O plano de trabalho do instituto em 2026 é um documento de 76 páginas que traz informações sobre a estrutura do órgão e elenca as pesquisas que devem ser realizadas.
 

A gestão do IBGE escolheu cinco locais das cinco grandes regiões do país para apresentá-lo.
 

A série de eventos começou na terça (20) em São Francisco do Conde (BA), chegou nesta quarta (21) a Brasília e segue por Curitiba na quinta (22), Belo Horizonte na sexta (23) e Macapá na segunda (26).
 

"Estamos resgatando o planejamento, que vai definir o que o IBGE vai ter que fazer de 2026 a 2030. É óbvio que não teremos, necessariamente, a garantia de que vamos realizar isso.
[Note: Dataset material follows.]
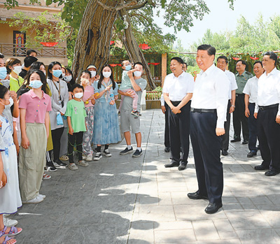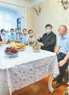 7月12日至15日,中共中央總書記、國家主席、中央軍委主席習近平在新疆考察。這是13日上午,習近平在烏魯木齊市天山區(qū)固原巷社區(qū)考察時,同各族群眾在一起。新華社記者謝環(huán)馳攝

Mas estamos dizendo para a sociedade, para o governo: se quiser ter as melhores informações, são esses os instrumentos", afirmou Pochmann.
 

A cidade do Rio de Janeiro, que é o centro das operações do IBGE, ficou de fora da lista de eventos de apresentação do plano. A ausência é contestada por servidores locais.
 

Entre os críticos, há quem defina a série de cerimônias como um show de fumaça de gelo seco, ou seja, sem a garantia de avanços práticos em um contexto de turbulência interna no instituto.
 

O plano de trabalho afirma que, em 2026, o IBGE "buscará avançar no planejamento do Censo Demográfico 2030", incluindo a realização de consulta pública.
 

O órgão, contudo, ainda precisa finalizar a publicação de dados do recenseamento anterior, relativo a 2022.
 

O IBGE também prepara a realização do 12º Censo Agropecuário, Florestal e Aquícola, que mapeia estabelecimentos rurais no país. O órgão adiou a previsão de início da coleta dos dados de 2026 para 2027.
 

Segundo o plano, o instituto deve realizar neste ano a primeira prova-piloto de um recenseamento da população em situação de rua no Brasil.
 

A gestão Pochmann ainda busca mudanças no estatuto da instituição, o que gerou outro ponto de atrito com servidores no ano passado.